流派の垣根を超えた初の『ブラジル俳句選集』を後世に残そう――そんな共通した想いを抱えた俳人らが編纂委員になり、昨年5月から毎月2回ていど俳句選集会議を重ねており、8月9日で第20回を数えた。日伯外交関係樹立130周年を記念して編纂作業を進め、来年日本で発刊することを目指す。
出版の目的は「主にブラジル移民・移住者にとって感銘を受ける秀句を選び、後世、及び日本の読者にも共感されうる俳句選集を出版する。ブラジルで俳句活動が始まってから100年を越えようとしている今年に、流派の垣根を超えた選集を編纂するのは最後の機会」というもの。
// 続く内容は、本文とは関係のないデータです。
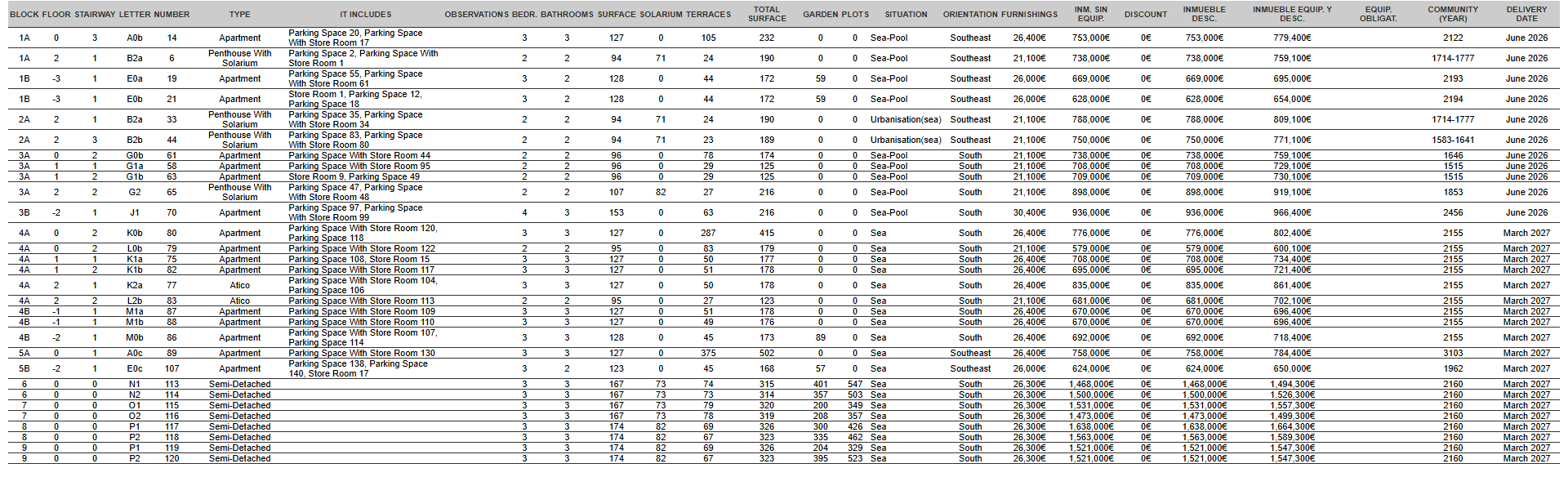 The prices listed are excluding 10% IVA (VAT). You should also take into account the stamp duty (1,2 to 1,5%) that is charged on a new property. Also keep in mind the costs of a lawyer, notary and the transfer of gas, electricity and water. And, if necessary, arranging NIE numbers and opening a bank account. For convenience, you can calculate that the cost on top of the purchase price is around 14%.

今までは各流派や個人の句集だけだったが、今回は俳句界全体から流派の隔てなく選句、時代区分ごとに編集し、必要に応じて背景・語句などの解説も併記した内容にする予定だ。
全体構成としては「移民初期~戦前」「戦後~1979年」「1980年~現在」。それぞれに年代の雰囲気を感じさせる句を選ぶ。当地在住者以外の俳人の句でも、縁のある人なら選句対象とする。花鳥諷詠(有季俳句)とそれ以外(現代俳句、無季、自由律)を含める。
各委員が持ち寄った推薦句計約3500句の中から、すでに半分ぐらいに絞り込んでいる。その間、一部は50代だが、大半は80代という編集委員13人のうち、代表の広瀬芳山さんや小斎棹子さんら4人が体調不良や脳溢血で倒れるなどの災難に見舞われ、出席できなくなった。
皆の回復を待ちつつも「最後の力を振り絞って、早く完成させないと。私たちだったどうなるか分からない」という焦りに似た声が会議の合間に聞こえてくる状況だ。
事務方を担う宮川信之さんは「今年中に選考を終え、本の全体像が分かるようになる見通し」とする。その日も、候補作を一句一句読み上げて、選集に相応しいかどうか熱い議論が交わされた。